Chapitre 4 ~ Restez ici

{POV de Daisy}

« Bon… » dis-je, la voix plus basse à présent. « J’ai l’impression que c’est le moment où les choses vont soit s’améliorer un peu, soit empirer franchement. »

DeLuca s’approcha et, aussitôt, je pris davantage conscience de sa présence.

La pièce avait déjà quelque chose d’intimidant avant, mais maintenant que tout le monde était parti, elle en devenait presque dérangeante. La longue table s’étirait au centre de la salle, les chaises vides repoussées en arrière comme des témoins silencieux, tandis que le silence me pressait contre les oreilles.

Il s’arrêta à quelques pas, à m’observer, sans colère et sans impatience non plus.
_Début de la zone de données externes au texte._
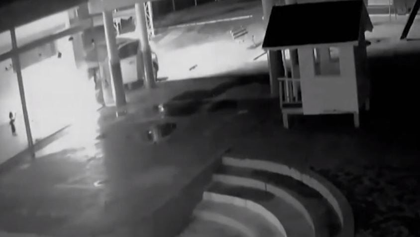 O carro que aparece nas imagens bate contra a pilastra de concreto e, em seguida, os dois ocupantes saem do veículo.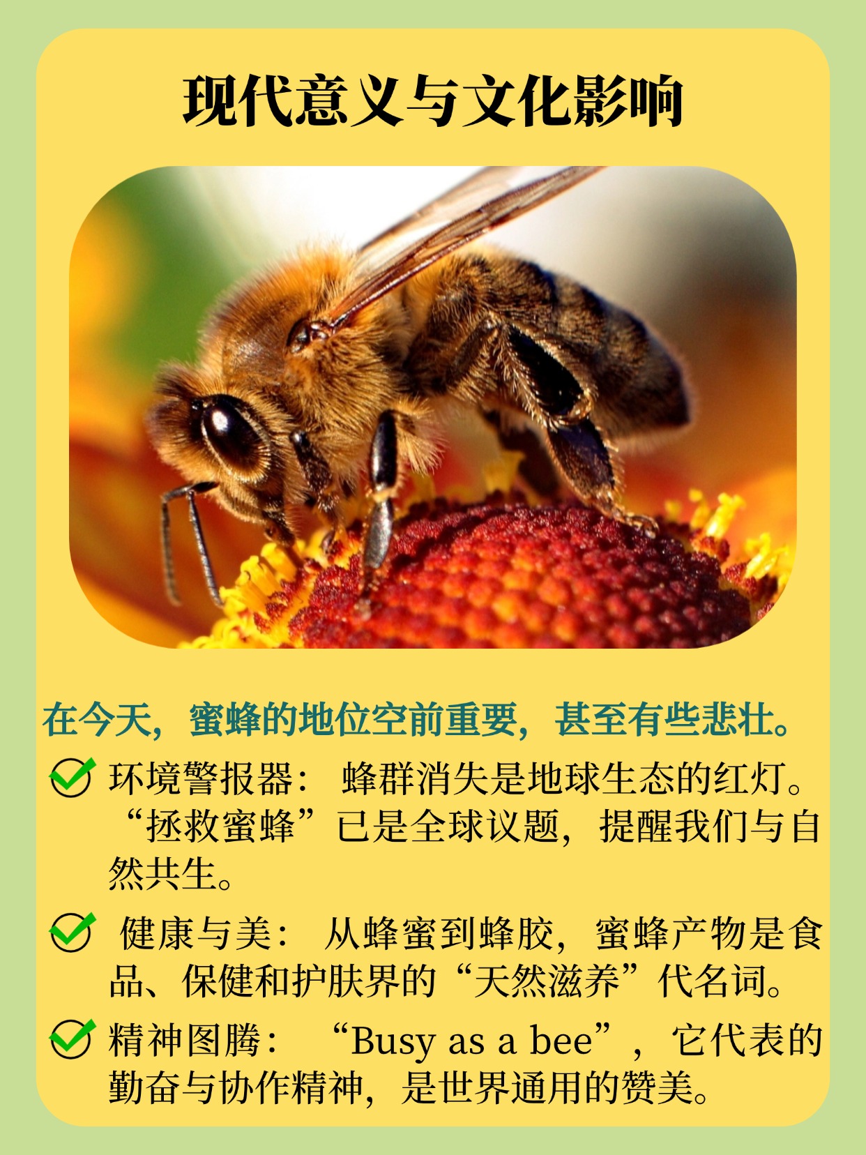 【?】 文化象征:全世界都在用“像蜜蜂一样勤劳”来夸奖努力和团队精神。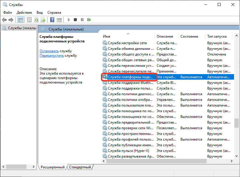 - В списке отыскать строки «Посредник подключений к сети» и «Служба платформы подключенных устройств».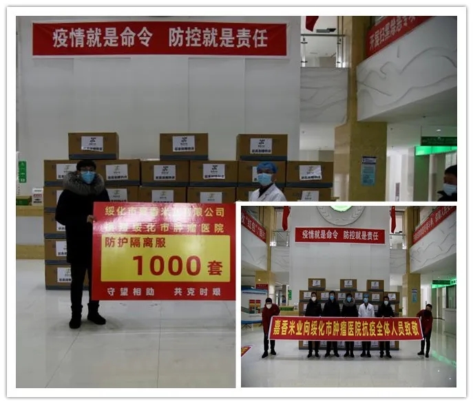 當(dāng)?shù)弥械谝会t(yī)院防疫物資特別是防護(hù)服緊缺公告后。嘉香米業(yè)公司第一時(shí)間與醫(yī)院取得聯(lián)系,并通過全國合作伙伴關(guān)系網(wǎng)聯(lián)系生產(chǎn)廠家。在興綏慈善基金募集的12.8萬元基礎(chǔ)上,公司再次追加捐款25.6萬元,訂購了3000套防護(hù)服和醫(yī)療防護(hù)物資。

Juste… en train d’étudier. Et je lui en savais gré, parce que la plupart des gens finissent par perdre patience avec moi.

« Tu étudies le journalisme », dit-il alors, et je clignai des yeux.

« Oui. »

« Tu vis sur le campus.

— Oui. »

« Et tu as une colocataire.

— Oui. Je ne peux pas payer la chambre toute seule. »

« Tu as d’autres membres de ta famille ?

— Juste ma mère », répondis-je.

La conversation s’était transformée, je ne sais comment, en un interrogatoire mené par un homme qui avait à peine l’air intéressé par le fait de parler.

Je croisai les bras.

« C’est des questions d’échauffement, demandai-je, ou tu essaies juste de déterminer à quel point mes choix de vie ont été ennuyeux et pathétiques ? »

Il ignora la remarque.

« Tu sortais du travail ce soir.

— Oui. »

« La bibliothèque de Ridgewood Drive.

— Oui », confirmai-je en hochant la tête. « Eh bien, je suis ravie que la partie “kidnapping” de la soirée ait au moins bénéficié de recherches exactes. »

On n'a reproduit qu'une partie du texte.